> **RECORDS FOR THE EXERCISE**
[Start of section]

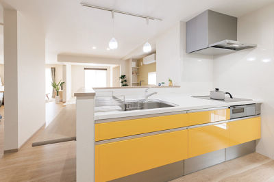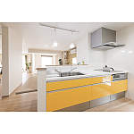 奥様のご希望で、キッチンはマンゴーイエローに。お母様が使いやすいようにカウンター高さは低めにしました。
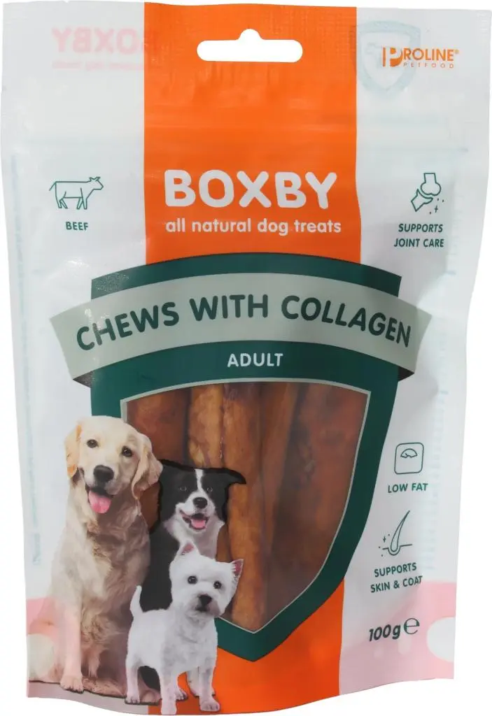 Maak kennis met de Boxby collagen chews: een kauwbot dat een verantwoorde keuze is voor hondenliefhebbers. Deze kauwstaaf is gemaakt zonder rawhide en bevat collageen, wat kan bijdragen aan soepele gewrichten, een gezonde huid en een glanzende vacht.
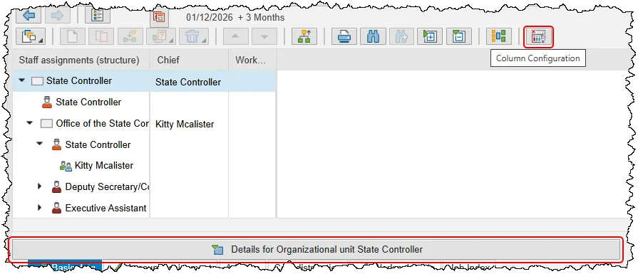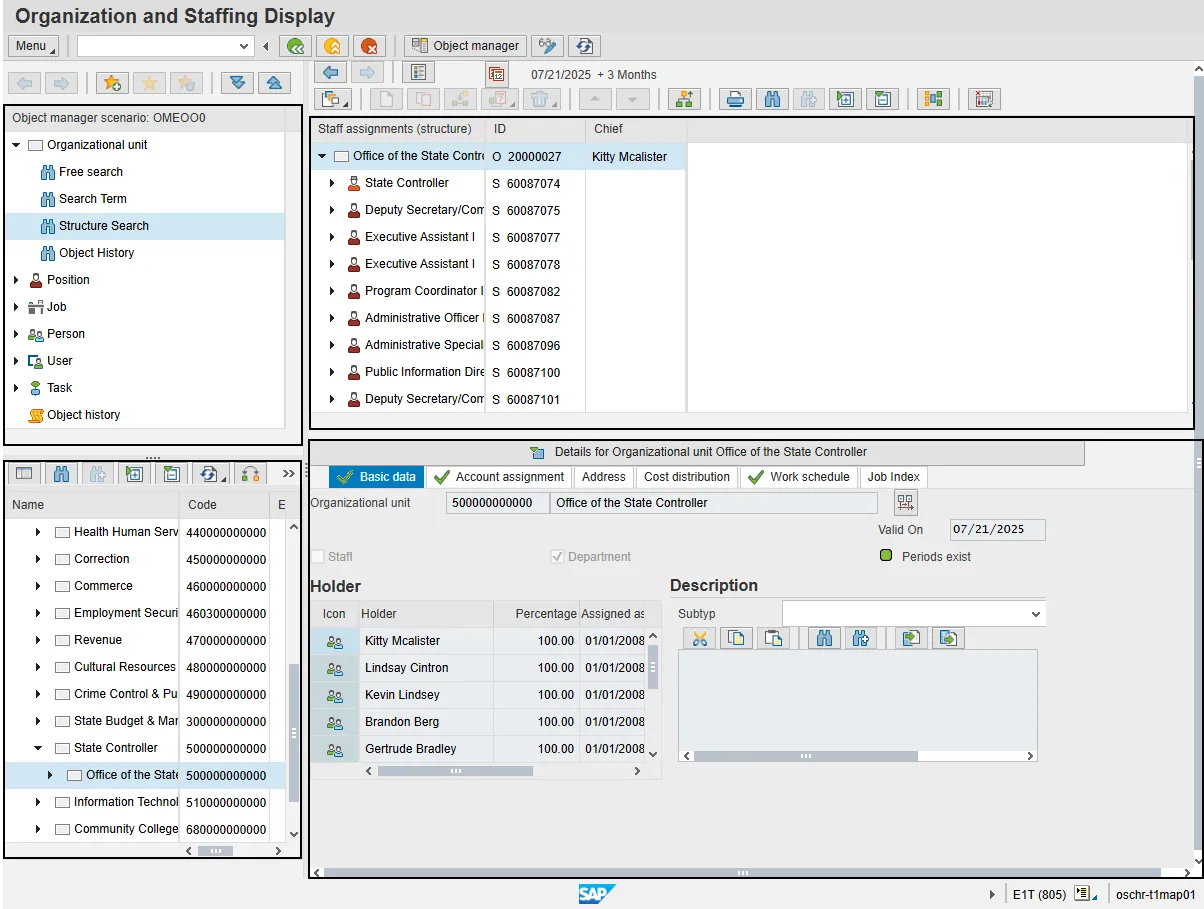 The Organization and Staffing Display transaction (PPOSE) can be used to view the existing organizational structure. It can display the State’s organizational structure and all the elements included in the structure, including org units, positions, jobs, and people. Also, you can use this transaction to find a position number, which is required to complete personnel actions such as new hire.
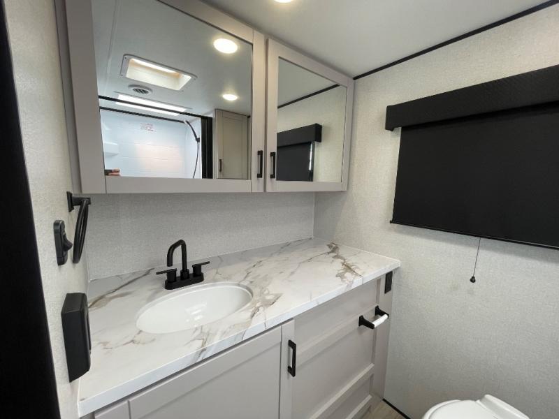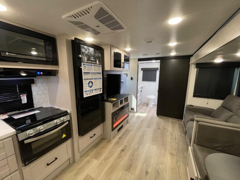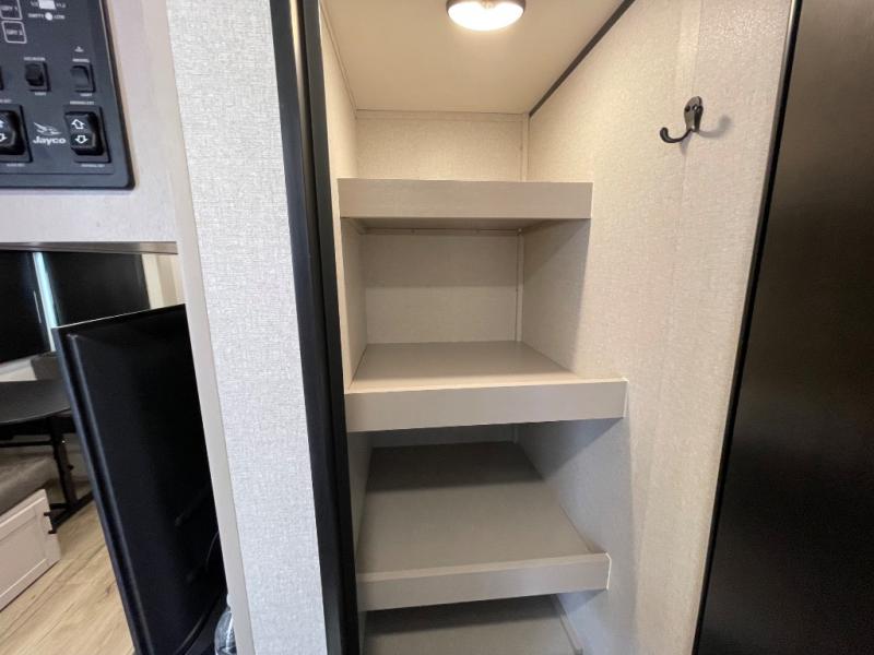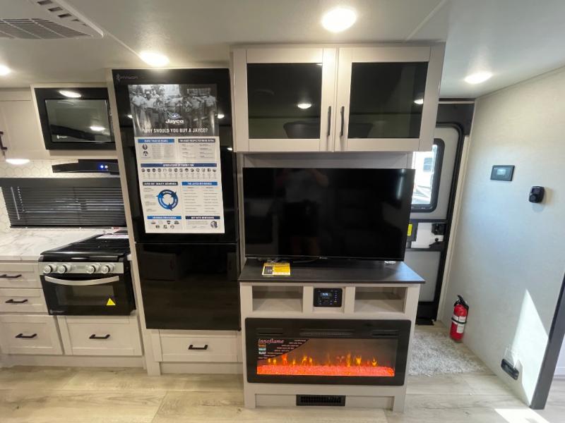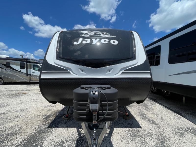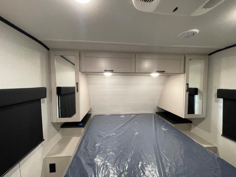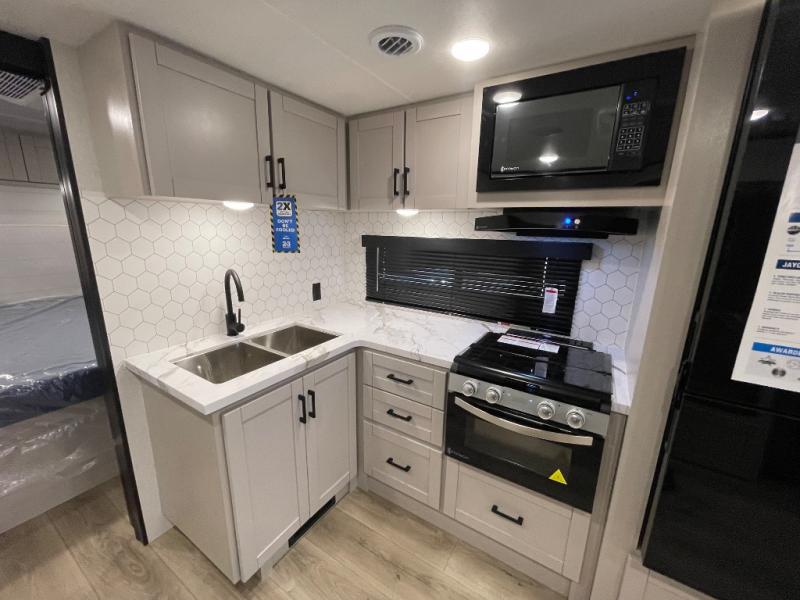 With any Jay Feather travel trailer by Jayco, you will enjoy lightweight towing, convenient exterior amenities, and at-home comforts inside! The Overlander 1 Solar Package included within the Jay Sport Package comes with a 200W solar panel and a 30-amp digital controller so you can enjoy some off-grid camping. There is also a modern graphics package with a dual-colored sidewall, LCI Solid Step fold-down aluminum tread steps on the main entry door, and Climate Shield 0 -100° F tested weather insulation package that will allow you to camp in all sorts of climates. The Customer Value Package will make time outdoors easier than ever with a power tongue jack and a Rock Solid stabilizer system, plus American-made nitro-filled Goodyear tires with self-adjusting electric brakes. More exterior features include a Keyed-Alike locking system, marine grade exterior speakers, a Magnum Truss roof system, and the list goes on! And we haven't even touched on the interior comforts, like the residential style seamless countertops and vinyl flooring throughout, decorative backsplash, handcrafted hardwood door/drawer fronts, and multiple USB charging ports to keep you going!
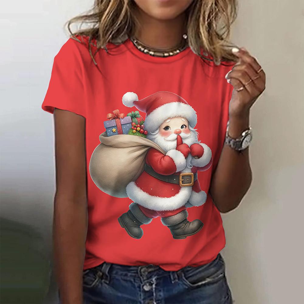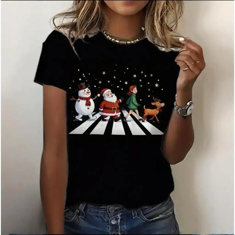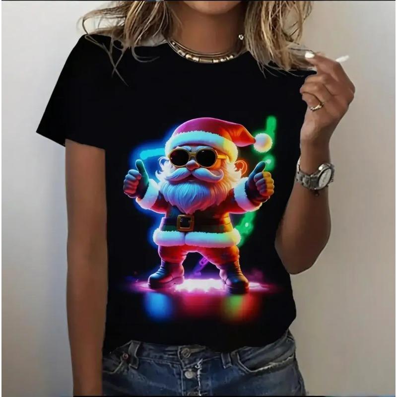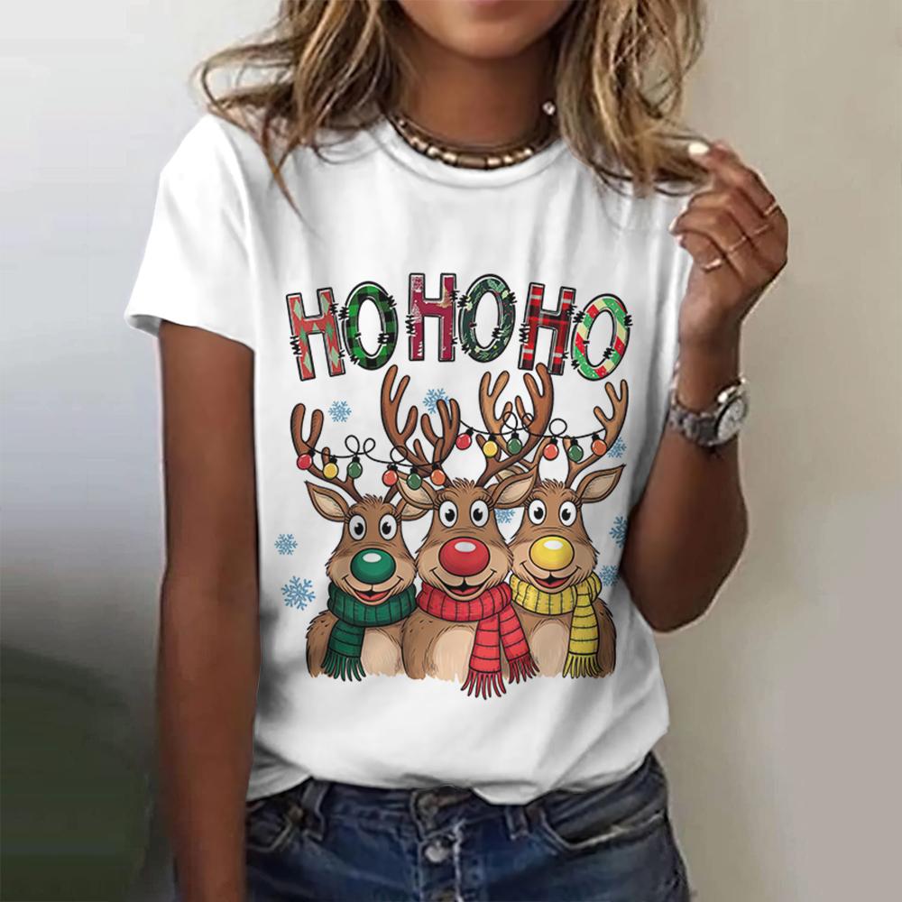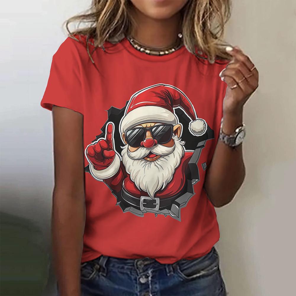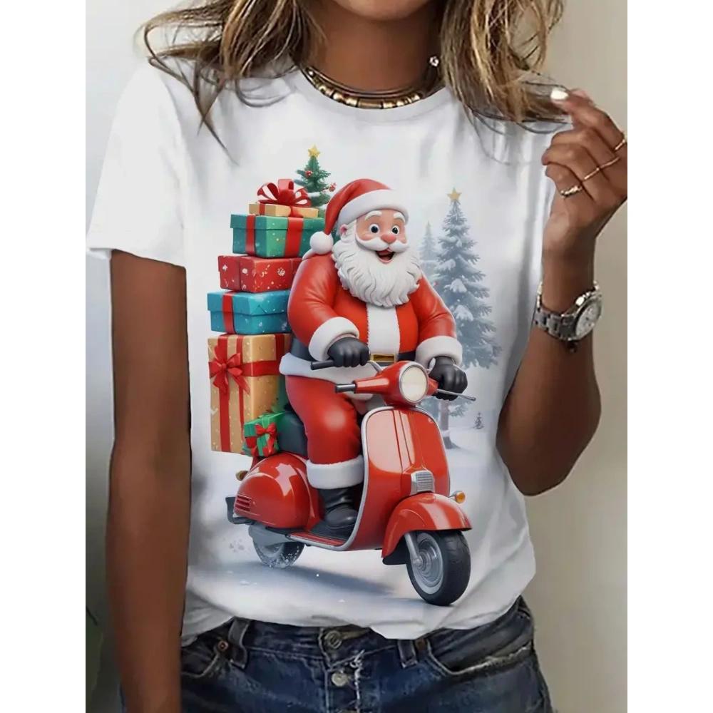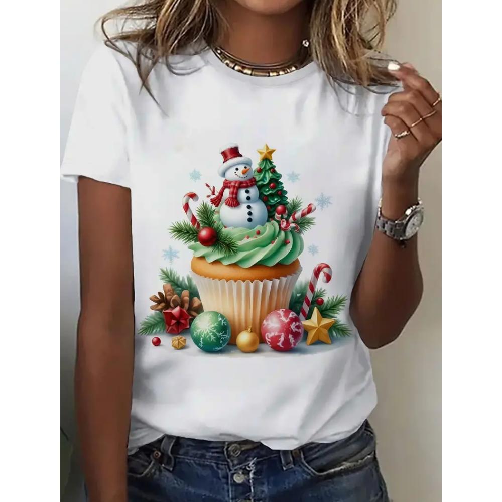 Летний топ с круглым вырезом и 3D рождественским принтом, модные повседневные женские футболки с короткими рукавами
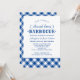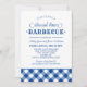 Samla bröllopspartiet med denna kräsna och klassiska bröllopsrepetitionsbarbecue-inbjudan i djupblått. Blandad script- och västerninspirerad "Barbecue"-typografi kombineras med en blå gingham-kant för en prickig, polerad tolkning av en avslappnad fest. Alla namn, datum och detaljer är helt redigerbara. Perfekt för en bakgårds- eller utomhusbröllopsrepetition-barbecue.

[End of section]

> **ABOUT THIS TASK**
Please return the material above unchanged, with every picture removed.

> **EXERCISE RESULT**
 奥様のご希望で、キッチンはマンゴーイエローに。お母様が使いやすいようにカウンター高さは低めにしました。
 Maak kennis met de Boxby collagen chews: een kauwbot dat een verantwoorde keuze is voor hondenliefhebbers. Deze kauwstaaf is gemaakt zonder rawhide en bevat collageen, wat kan bijdragen aan soepele gewrichten, een gezonde huid en een glanzende vacht.
 The Organization and Staffing Display transaction (PPOSE) can be used to view the existing organizational structure. It can display the State’s organizational structure and all the elements included in the structure, including org units, positions, jobs, and people. Also, you can use this transaction to find a position number, which is required to complete personnel actions such as new hire.
 With any Jay Feather travel trailer by Jayco, you will enjoy lightweight towing, convenient exterior amenities, and at-home comforts inside! The Overlander 1 Solar Package included within the Jay Sport Package comes with a 200W solar panel and a 30-amp digital controller so you can enjoy some off-grid camping. There is also a modern graphics package with a dual-colored sidewall, LCI Solid Step fold-down aluminum tread steps on the main entry door, and Climate Shield 0 -100° F tested weather insulation package that will allow you to camp in all sorts of climates. The Customer Value Package will make time outdoors easier than ever with a power tongue jack and a Rock Solid stabilizer system, plus American-made nitro-filled Goodyear tires with self-adjusting electric brakes. More exterior features include a Keyed-Alike locking system, marine grade exterior speakers, a Magnum Truss roof system, and the list goes on! And we haven't even touched on the interior comforts, like the residential style seamless countertops and vinyl flooring throughout, decorative backsplash, handcrafted hardwood door/drawer fronts, and multiple USB charging ports to keep you going!
 Летний топ с круглым вырезом и 3D рождественским принтом, модные повседневные женские футболки с короткими рукавами
 Samla bröllopspartiet med denna kräsna och klassiska bröllopsrepetitionsbarbecue-inbjudan i djupblått. Blandad script- och västerninspirerad "Barbecue"-typografi kombineras med en blå gingham-kant för en prickig, polerad tolkning av en avslappnad fest. Alla namn, datum och detaljer är helt redigerbara. Perfekt för en bakgårds- eller utomhusbröllopsrepetition-barbecue.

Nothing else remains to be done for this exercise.